→ **To do**:
In the material below, find the line with "为按期保质保量完成相关工作,驻村工作队根" and the line with "Nhà cửa & Đời". Output exactly those two lines and all lines between them, leaving out pictures.

→ **Input records**:
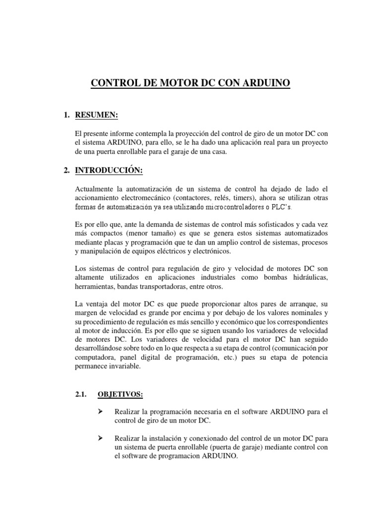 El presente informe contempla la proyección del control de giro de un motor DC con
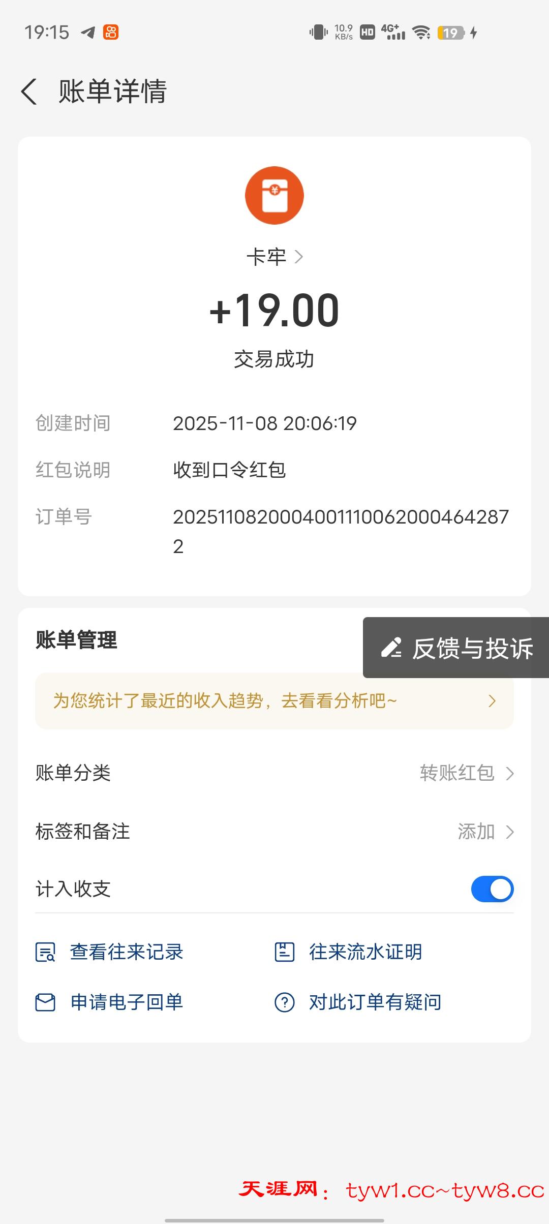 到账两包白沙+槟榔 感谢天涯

==

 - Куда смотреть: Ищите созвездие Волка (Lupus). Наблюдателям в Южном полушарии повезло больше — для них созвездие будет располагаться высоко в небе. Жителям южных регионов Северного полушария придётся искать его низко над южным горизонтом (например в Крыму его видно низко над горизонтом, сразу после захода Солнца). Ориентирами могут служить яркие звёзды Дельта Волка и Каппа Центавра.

==

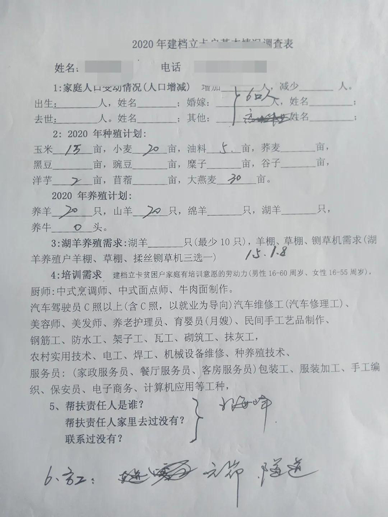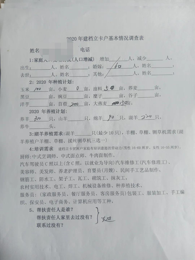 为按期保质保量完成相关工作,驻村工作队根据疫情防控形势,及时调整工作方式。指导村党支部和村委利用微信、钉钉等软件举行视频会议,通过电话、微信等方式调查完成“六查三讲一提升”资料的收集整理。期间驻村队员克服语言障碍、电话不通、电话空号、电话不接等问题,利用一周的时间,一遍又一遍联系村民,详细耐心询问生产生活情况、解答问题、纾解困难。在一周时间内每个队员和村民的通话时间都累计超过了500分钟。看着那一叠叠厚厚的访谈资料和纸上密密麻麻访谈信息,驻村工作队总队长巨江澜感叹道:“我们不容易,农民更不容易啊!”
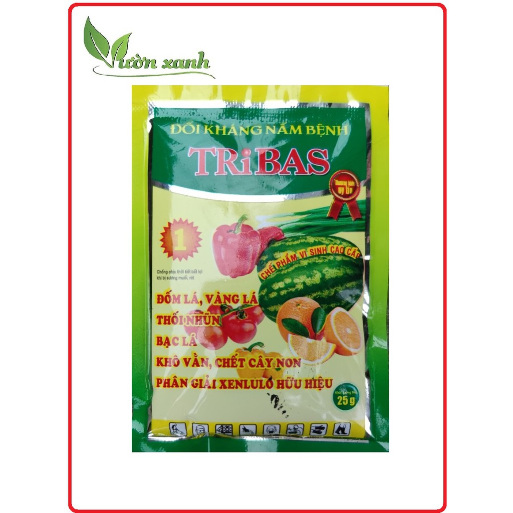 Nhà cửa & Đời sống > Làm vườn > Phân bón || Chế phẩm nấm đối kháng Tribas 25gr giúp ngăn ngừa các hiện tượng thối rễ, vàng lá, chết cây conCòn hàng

→ **Solution to this task**:
 为按期保质保量完成相关工作,驻村工作队根据疫情防控形势,及时调整工作方式。指导村党支部和村委利用微信、钉钉等软件举行视频会议,通过电话、微信等方式调查完成“六查三讲一提升”资料的收集整理。期间驻村队员克服语言障碍、电话不通、电话空号、电话不接等问题,利用一周的时间,一遍又一遍联系村民,详细耐心询问生产生活情况、解答问题、纾解困难。在一周时间内每个队员和村民的通话时间都累计超过了500分钟。看着那一叠叠厚厚的访谈资料和纸上密密麻麻访谈信息,驻村工作队总队长巨江澜感叹道:“我们不容易,农民更不容易啊!”
 Nhà cửa & Đời sống > Làm vườn > Phân bón || Chế phẩm nấm đối kháng Tribas 25gr giúp ngăn ngừa các hiện tượng thối rễ, vàng lá, chết cây conCòn hàng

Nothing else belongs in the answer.